В Америке – богатейшей стране, где евреи далеко не самая бедная часть населения, у каждой семьи по два-три автомобиля, у большинства – собственные дома, и комнат в этих домах столько, что в Москве бы там поселили семей пять не меньше. Так в этой самой Америке родители, престарелые люди, – отрезанный ломоть, от них избавляются под любым предлогом без всякого зазрения совести.
У вас есть папа и мама, или одна овдовевшая мама, или один вдовый отец, в вашем собственном доме пятнадцать комнат в три этажа, зарабатываете сто тысяч долларов в год, а родителей, если вы американец, вы не оставите доживать возле себя, согревая последние их годы сыновьей лаской. Вы их спровадите в дом для престарелых. В комфортабельный дом, стоящий уйму денег. Не остановитесь перед расходами, но сбудете родителей в чужие руки.
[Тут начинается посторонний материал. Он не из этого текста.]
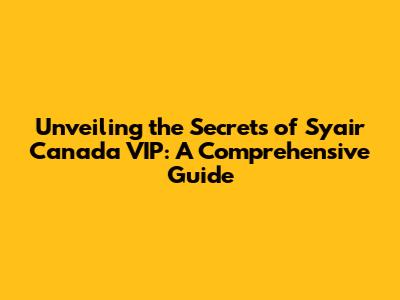 Hey guys! Ever heard whispers about Syair Canada VIP? If you're into the world of lotteries and predictions, you've probably stumbled upon this term. But what exactly is it? And more importantly, how can you navigate this intriguing space? Fear not, because we're diving deep into the world of Syair Canada VIP, unraveling its mysteries, and equipping you with the knowledge to make informed decisions. Get ready for a thrilling ride, filled with insights, tips, and a whole lot of fun! This guide is designed to be your one-stop resource for everything related to Syair Canada VIP, breaking down complex concepts into easy-to-understand pieces. We'll explore its origins, its purpose, the benefits it offers, and how you can potentially use it to your advantage. Whether you're a seasoned lottery enthusiast or a curious newbie, this guide has something for everyone. So, buckle up, and let's embark on this exciting journey together!

И они будут там сидеть в стерильных комнатках, и негритянки в белых униформах будут катать их в сверкающих никелем креслах-каталках по длинным, как в тюрьме, коридорам, и кормить их будут в богато убранной столовой, и каждое утро они будут недосчитываться за столами своих соседей – отдали Богу душу еще до завтрака.
Старики живут в этих домах без семейной ласки и внимания, хорошо оплаченные кандидаты в покойники, и все их мысли невольно гуляют вокруг одной и той же темы: кто следующий в этом доме отправится в мир иной. Они живут среди дряхлости и тлена, и страшней такой пытки не придумать даже людоедам.
У нас в России, где не только нет лишнего места для стариков, где в одной комнатке живут три поколения вместе: внуки, дети и дедушки с бабушками, вас бы посчитали извергом и самым последним человеком, если бы вы заикнулись о том, что, мол, не мешало бы избавиться от стариков.
Свою собственную маму, которая тебя взрастила, вскормила, выходила из самых жестоких болезней, спасала от голода, сама недоедая, телом прикрывала во время бомбежек, разве можно во имя своего комфорта лишить ее на склоне лет семейного тепла, внимания, радости жить с внучатами и молодеть, глядя на них?
Когда я женился в Москве, мы даже медовый месяц провели в одной комнате с моей тещей Цилей Моисеевной, и хоть характер у нее был не сахар, разве поднялась бы у меня рука, чтоб сплавить ее куда-нибудь?